В последних строфах стихотворения певец и народ сливаются в едином порыве и едином акте поклонения явившемуся знамению:
Свети, свети, звезда небес,
К ней взоры, к ней желанья,
К ней, к ней за тайну их завес
Земные упованья.
Там все, что здесь пленяло нас
Явлением мгновенным,
Что взял у жизни смертный час,
Воскреснет обновленным!
Рука с рукой! вождю вослед!
В одну, друзья, дорогу
И с нами в братском хоре, свет,
Пой: слава в вышних Богу!
Торжество великой национальной победы на развалинах древней столицы венчается всенародным апофеозом грядущему воскресению из мертвых, которое сулит звезда нового Рождества. Слиться в этом «братском хоре» должны голоса всех народов мира.

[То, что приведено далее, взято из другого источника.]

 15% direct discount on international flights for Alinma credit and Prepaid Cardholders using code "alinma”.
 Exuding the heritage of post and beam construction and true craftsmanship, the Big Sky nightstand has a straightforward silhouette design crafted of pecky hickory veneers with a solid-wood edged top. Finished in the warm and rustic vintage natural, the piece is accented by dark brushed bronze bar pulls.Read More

В брошюре «Лагерь при Вертю» баронесса Крюденер писала, что смысл современных событий «ускользает от понятия тех, которые не имеют Бога живого истолкователем оных, и кои останутся навсегда сирыми и во мрак недоумения облеченными. <…> Но и среди людей изгнанных – и на сей земле заточения – оставалось всегда племя святое, всегда был народ, любезный Богу. Сии – то люди всех веков одни ведают великое оное дело Творителя <…>» (Крюденер 1815, 5). Употребляя слова «племя [race sainte]» и «народ [peuple]», баронесса имеет в виду не подданных того или иного монарха и тем более не этническую группу. Этот «избранный народ, чада обетования» состоит из «мужей, великим просвещением поставленных на верху лестницы», единственно способных «зреть эпоху сию при свете, которым озаряло их величество Святых писаний» (Там же, 5, 10).

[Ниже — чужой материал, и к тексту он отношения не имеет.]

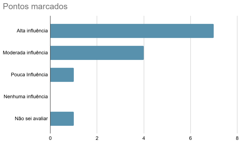 O gráfico 7 mostra que a maioria dos profissionais (76,9%) apontou que os distúrbios vestibulares têm uma influência muito significativa na coordenação motora de crianças com TEA. Outros 23,1% classificaram essa influência como moderada, enquanto nenhuma resposta indicou as opções “pouca”, “nenhuma” ou “não sei avaliar”. Esses achados reforçam a percepção de que o sistema vestibular exerce papel central nas dificuldades motoras dessa população, sendo um ponto de atenção importante para avaliação e intervenção clínica.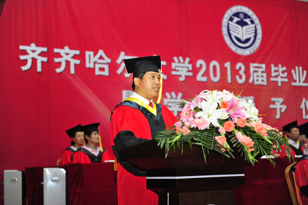 他说,大学的时光总是美好而短暂。四年前,你们带着对大学生活的美好憧憬,走进了齐大校园。大学四年,承载了同学们最美好最幸福的一段青春时光,你们也骄傲和自豪地见证了中国经济社会的腾飞和学校发展历史上砥砺奋进的一段岁月。你们为“神九”、“神十”遨游太空和“航母入列”、“蛟龙”潜海而骄傲过,你们为学校获得全国文明单位、成功举办60年校庆而自豪过,你们这四年所经历的一切美好,都将成为你们人生之中最绚丽的篇章和最美好的回忆。

По сути дела, это то самое общество светоносных, о котором писал Эккартсгаузен, мистический союз посвященных, составляющий единую нацию. В другом месте баронесса использует и более традиционное значение слова «народ», говоря о подданных Российской империи как о «народах [peuples] простодушных, не упившихся еще из чаши всех мерзостей, не отпавших еще от Бога, спасшего их» (Там же, 6).
«Простодушные народы» могут стать орудием промысла, поскольку им не ведомо ложное просвещение, погубившее народы развращенные, и прежде всего, конечно, французов. Это те самые жители Фиатира, которые «не разумеют глубин сатанинских». Однако их историческая роль определяется тем, что во главе их стоит монарх, приобщенный к просвещению истинному, которому даны «власть на языцех», «жезл железный» и «звезда утренняя», или, как формулирует эту мысль Крюденер, «муж великих судеб, прежде век для веков к тому предопределенный» (Там же). Тем самым Александр оказывался во главе сразу двух народов, вверенных ему богом: народа своей империи и «избранного народа возрожденных».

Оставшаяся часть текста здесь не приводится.